Be able to follow infection control procedures.

If a child arrives at the setting and the Manager/Deputy Manager does not consider a child well enough to attend, the parent/carers will be advised accordingly. We will make every effort to stop the spread of infection within the setting but can only do this with the co-operation of parent/carers. Our nursery recommended exclusion period are:
Coughs, colds and sore throats – we appreciate that children often pick up cold viruses without being ill and accept they do not need to stay away from the setting, however, if they have a raised temperature, continued cough, or are unable to eat, then exclusion will be necessary for 48 hours.

Any child with sickness or diarrhoea must be kept away from the setting for at least 48 hours after the last episode of sickness and/or diarrhoea;
Temperatures – any child with a raised temperature, even if not accompanied by any other symptoms, should be kept away for 24 hours.
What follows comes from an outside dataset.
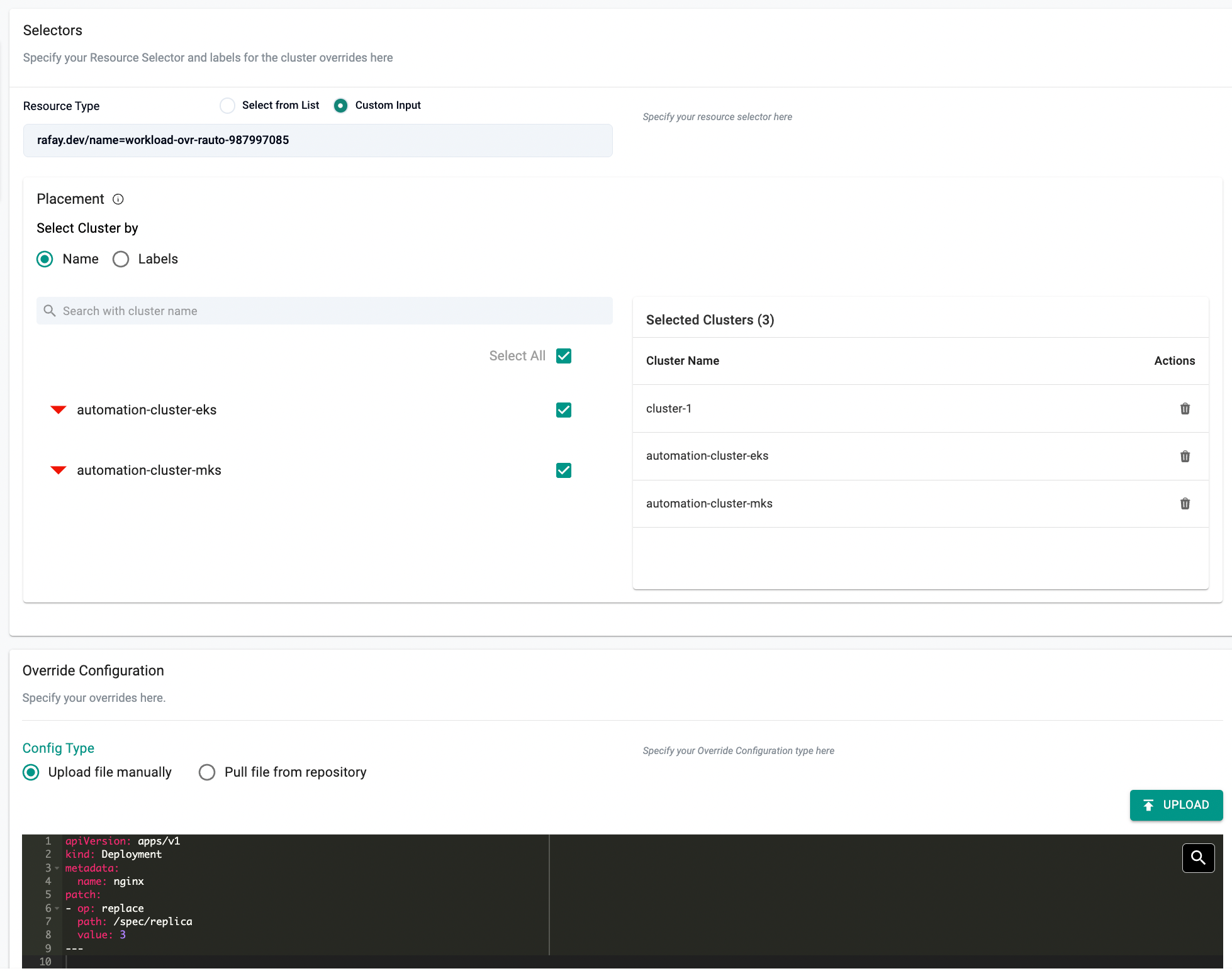 You can manage the lifecycle of cluster overrides using the Web Console or RCTL CLI or REST APIs. It is strongly recommended to automate this by integrating RCTL with your existing CI system based automation pipeline.

If a child becomes unwell during a session, make them comfortable in a quiet place. Than contact the child’s parent/carer and discuss with them the best course of action.
At our nursery we promote the good health of all children attending through maintaining high hygiene standards and reducing the chances of infection being spread. Viruses and infections can be easily passed from person to person by breathing in air containing the virus which is produced when an infected person talks, coughs or sneezes. Our staff have to:
Encourage all children use tissues when coughing and sneezing to catch germs;
Ensure all tissues are disposed of in hygienic way and all children and staff wash their hands once the tissue is disposed of;
Wear the appropriate Personal Protective Equipment when changing nappies, toileting children, wash hands;
Clean and sterilise all potties and changing mats, clean toilets at least daily;
Remind children to wash their hands;
Clean all toys, equipment and resources on a regular basis using antibacterial cleanser;
Provide labelled individual bedding for children that is not used by any other child and wash this at least once a week.

Personal hygiene control.
No one is permitted to smoke at any time within the confines of the early years centre.
Staff and children are required to use liquid antibacterial soap and paper towels.

All staff and children must to wash their hands regularly throughout the day.

In activities where food is prepared for general consumption, staff must ensure that all children’s hands are checked for cuts, sores or plasters etc.

It is essential that staff suffering from food poisoning symptoms, i.e. diarrhoea or vomiting must contact the head of centre and not come into work at least 48 hours after the symptoms have stopped.